Strip the pictures and reproduce the rest of the listing exactly.

## Recorded information
################

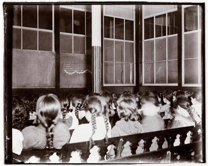 East Side Public Schools 1. A class in the condemned Essex Market School, Gas burning by day.
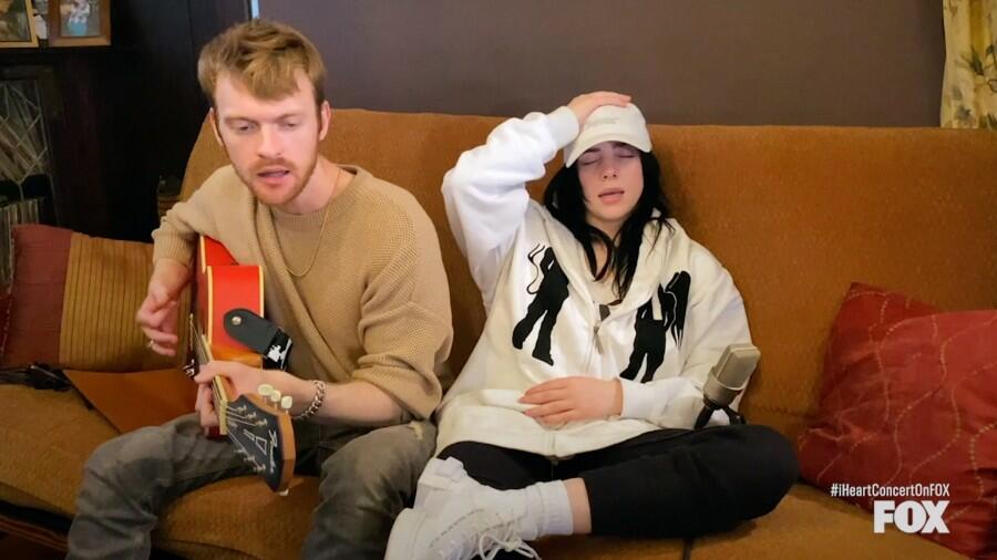 During the number, alongside her brother/right-hand producer FINNEAS on guitar, the two lounged comfortably on what's presumable the couch they've had for years to deliver the pop anthem. Instead of Eilish's usual energetic performance of the track, the superstar put her vocals at the forefront as she delicately crooned to the song besides a cabinet of family photos and record vinyls. "We wanted to thank iHeart and FOX for letting us be some sort of comfort in this crazy, crazy time," the pop titan told viewers at the top of the number. "Love to you, your families, your loved ones, everybody. Let's stay strong together. Love you. Take care."
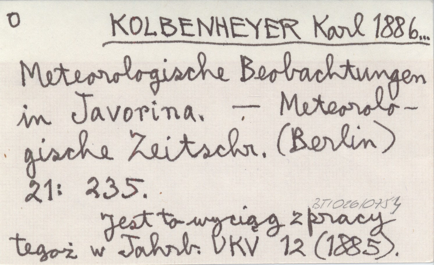 KOLBENHEYER Karl 1886... Meteorologische Beobachtungen in Javorina.

################

## Exercise response
 East Side Public Schools 1. A class in the condemned Essex Market School, Gas burning by day.
 During the number, alongside her brother/right-hand producer FINNEAS on guitar, the two lounged comfortably on what's presumable the couch they've had for years to deliver the pop anthem. Instead of Eilish's usual energetic performance of the track, the superstar put her vocals at the forefront as she delicately crooned to the song besides a cabinet of family photos and record vinyls. "We wanted to thank iHeart and FOX for letting us be some sort of comfort in this crazy, crazy time," the pop titan told viewers at the top of the number. "Love to you, your families, your loved ones, everybody. Let's stay strong together. Love you. Take care."
 KOLBENHEYER Karl 1886... Meteorologische Beobachtungen in Javorina.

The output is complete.